• **Directions**
State how many lines in this listing include the word "front", and nothing else.

• **Provided information**
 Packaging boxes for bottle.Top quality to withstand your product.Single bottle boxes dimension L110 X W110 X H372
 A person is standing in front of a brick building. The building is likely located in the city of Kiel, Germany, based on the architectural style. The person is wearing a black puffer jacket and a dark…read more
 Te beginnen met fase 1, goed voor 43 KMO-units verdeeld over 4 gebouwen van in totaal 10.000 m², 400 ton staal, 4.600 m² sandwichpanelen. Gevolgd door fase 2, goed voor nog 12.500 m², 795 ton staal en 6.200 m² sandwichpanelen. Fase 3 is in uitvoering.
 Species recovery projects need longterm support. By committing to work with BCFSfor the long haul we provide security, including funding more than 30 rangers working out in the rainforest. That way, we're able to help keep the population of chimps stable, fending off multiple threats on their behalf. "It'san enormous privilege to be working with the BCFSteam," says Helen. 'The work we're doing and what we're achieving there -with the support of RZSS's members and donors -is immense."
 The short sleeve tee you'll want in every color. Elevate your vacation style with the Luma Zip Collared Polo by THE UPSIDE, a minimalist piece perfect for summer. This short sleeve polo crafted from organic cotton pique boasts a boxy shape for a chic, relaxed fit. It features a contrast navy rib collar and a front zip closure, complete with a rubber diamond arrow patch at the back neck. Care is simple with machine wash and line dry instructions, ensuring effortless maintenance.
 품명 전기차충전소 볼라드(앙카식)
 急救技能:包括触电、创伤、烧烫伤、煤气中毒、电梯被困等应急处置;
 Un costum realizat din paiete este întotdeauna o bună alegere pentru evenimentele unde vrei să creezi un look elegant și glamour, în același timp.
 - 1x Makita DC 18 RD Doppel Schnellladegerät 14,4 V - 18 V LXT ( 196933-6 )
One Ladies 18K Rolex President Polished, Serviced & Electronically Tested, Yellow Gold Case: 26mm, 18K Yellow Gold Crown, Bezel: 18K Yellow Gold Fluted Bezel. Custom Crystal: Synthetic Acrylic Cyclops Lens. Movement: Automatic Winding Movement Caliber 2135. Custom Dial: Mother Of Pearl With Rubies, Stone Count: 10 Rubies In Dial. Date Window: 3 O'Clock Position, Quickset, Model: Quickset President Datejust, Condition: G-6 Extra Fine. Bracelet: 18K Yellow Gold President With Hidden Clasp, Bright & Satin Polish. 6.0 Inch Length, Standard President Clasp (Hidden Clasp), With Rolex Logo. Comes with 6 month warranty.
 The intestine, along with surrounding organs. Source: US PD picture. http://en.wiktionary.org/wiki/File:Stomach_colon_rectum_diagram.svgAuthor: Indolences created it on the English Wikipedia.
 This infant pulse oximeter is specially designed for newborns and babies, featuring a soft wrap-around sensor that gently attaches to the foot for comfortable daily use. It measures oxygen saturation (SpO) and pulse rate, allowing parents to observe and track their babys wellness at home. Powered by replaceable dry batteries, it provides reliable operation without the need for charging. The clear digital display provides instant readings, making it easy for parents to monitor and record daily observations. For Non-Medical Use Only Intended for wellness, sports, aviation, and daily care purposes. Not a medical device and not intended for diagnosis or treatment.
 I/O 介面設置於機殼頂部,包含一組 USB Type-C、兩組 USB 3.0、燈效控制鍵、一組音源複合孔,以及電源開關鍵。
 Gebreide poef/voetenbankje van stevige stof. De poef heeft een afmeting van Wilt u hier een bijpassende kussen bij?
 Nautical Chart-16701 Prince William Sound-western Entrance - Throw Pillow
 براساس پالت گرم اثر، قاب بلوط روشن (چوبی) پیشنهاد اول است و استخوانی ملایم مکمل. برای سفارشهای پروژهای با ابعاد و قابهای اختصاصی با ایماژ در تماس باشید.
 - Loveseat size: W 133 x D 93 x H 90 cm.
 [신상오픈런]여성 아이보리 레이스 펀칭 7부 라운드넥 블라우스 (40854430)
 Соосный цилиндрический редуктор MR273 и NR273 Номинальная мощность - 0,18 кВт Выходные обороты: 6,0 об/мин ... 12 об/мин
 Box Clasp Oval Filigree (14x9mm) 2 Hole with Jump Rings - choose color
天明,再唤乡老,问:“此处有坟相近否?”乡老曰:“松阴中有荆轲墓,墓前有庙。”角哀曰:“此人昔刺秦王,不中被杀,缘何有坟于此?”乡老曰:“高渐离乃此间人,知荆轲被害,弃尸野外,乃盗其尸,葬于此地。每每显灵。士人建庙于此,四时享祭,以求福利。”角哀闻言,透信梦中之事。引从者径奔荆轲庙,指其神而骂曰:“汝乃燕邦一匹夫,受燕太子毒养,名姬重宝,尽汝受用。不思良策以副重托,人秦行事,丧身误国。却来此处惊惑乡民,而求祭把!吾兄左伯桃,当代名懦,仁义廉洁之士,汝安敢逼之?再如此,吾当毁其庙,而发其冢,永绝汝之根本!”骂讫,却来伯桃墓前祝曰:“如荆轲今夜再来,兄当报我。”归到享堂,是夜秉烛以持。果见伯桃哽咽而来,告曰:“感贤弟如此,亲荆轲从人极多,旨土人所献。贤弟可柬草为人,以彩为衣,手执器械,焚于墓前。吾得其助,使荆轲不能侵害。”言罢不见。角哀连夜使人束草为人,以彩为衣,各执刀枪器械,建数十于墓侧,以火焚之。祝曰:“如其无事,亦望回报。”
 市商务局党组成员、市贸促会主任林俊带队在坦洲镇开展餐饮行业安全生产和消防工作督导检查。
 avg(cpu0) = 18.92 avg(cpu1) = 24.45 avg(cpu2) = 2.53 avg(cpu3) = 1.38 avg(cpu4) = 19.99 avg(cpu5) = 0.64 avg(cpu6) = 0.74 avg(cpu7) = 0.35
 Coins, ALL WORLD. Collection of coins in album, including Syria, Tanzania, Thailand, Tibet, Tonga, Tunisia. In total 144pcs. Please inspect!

• **Task output**
2